Thousands of taxi drivers protested Thursday in Madrid against competitors such as Uber, echoing similar recent demonstrations in neighbouring France.
French drivers joined the thousands of protesters in the Spanish capital who sported banners that read "No to unfair competition," denouncing among other grievances the planned deregulation of the sector.
Spain's cabbies fear that the country's competition and markets authority will harm their livelihoods by favouring upstart companies like Uber.
The company, which allows customers to hail drivers using a smartphone app and bypass traditional taxi services, has been the target of cabbie anger the world over.
Last month, French cabbies blocked roads with burning tyres and threw smoke bombs, with one Uber driver's car splattered with eggs and kicked by protesters.
Uber does not employ drivers or own vehicles, but instead uses private contractors with their own cars, allowing them to run their own businesses.
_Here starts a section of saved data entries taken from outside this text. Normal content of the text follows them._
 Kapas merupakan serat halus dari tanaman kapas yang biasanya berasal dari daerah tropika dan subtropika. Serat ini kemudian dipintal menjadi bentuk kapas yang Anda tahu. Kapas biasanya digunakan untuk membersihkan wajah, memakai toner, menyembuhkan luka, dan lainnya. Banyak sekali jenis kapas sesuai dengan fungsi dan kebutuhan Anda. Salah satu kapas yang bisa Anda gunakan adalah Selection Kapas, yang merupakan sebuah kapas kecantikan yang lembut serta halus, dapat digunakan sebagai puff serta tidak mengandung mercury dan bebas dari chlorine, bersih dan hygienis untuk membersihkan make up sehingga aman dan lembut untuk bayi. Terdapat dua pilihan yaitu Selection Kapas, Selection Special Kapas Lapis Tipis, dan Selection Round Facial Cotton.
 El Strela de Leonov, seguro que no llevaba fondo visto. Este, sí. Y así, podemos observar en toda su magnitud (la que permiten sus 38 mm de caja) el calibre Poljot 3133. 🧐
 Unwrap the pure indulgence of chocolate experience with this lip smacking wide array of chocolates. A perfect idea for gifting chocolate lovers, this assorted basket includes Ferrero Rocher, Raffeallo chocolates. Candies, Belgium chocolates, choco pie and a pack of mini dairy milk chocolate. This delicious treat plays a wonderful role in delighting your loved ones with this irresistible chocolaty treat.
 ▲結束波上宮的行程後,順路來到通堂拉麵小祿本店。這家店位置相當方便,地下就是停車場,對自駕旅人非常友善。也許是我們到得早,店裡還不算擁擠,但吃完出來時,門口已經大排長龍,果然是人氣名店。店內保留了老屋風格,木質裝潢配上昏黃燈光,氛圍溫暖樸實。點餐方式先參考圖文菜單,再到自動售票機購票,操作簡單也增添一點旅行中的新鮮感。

Licensed cabbies must undergo hundreds of hours of training in some countries, and they accuse Uber of endangering their jobs by flooding the market with cheaper drivers who only need a GPS to get around.
"What multinationals want is to provide a more precarious service to citizens and more precarious jobs for workers, who become slaves," Miguel Angel Leal, head of the Spanish Taxi Federation, told AFP.
Fernando Gomez, a 57-year-old taxi driver from Barcelona who was been in the business since 1984, said his revenues had halved in the space of seven years.
"If we don't unite, we will go to ruin," he said.
The competition authority has publicly welcomed the arrival "of new models of service providers, particularly the... transport of travellers in private vehicles, which benefits consumers."
It considers that services like Uber or car-sharing website Blablacar will lead to more competition and a drop in prices.
But since the end of 2014, Uber's low-cost UberPOP service -- which allows unlicenced drivers to become taxi drivers using their own cars -- has been suspended in Spain.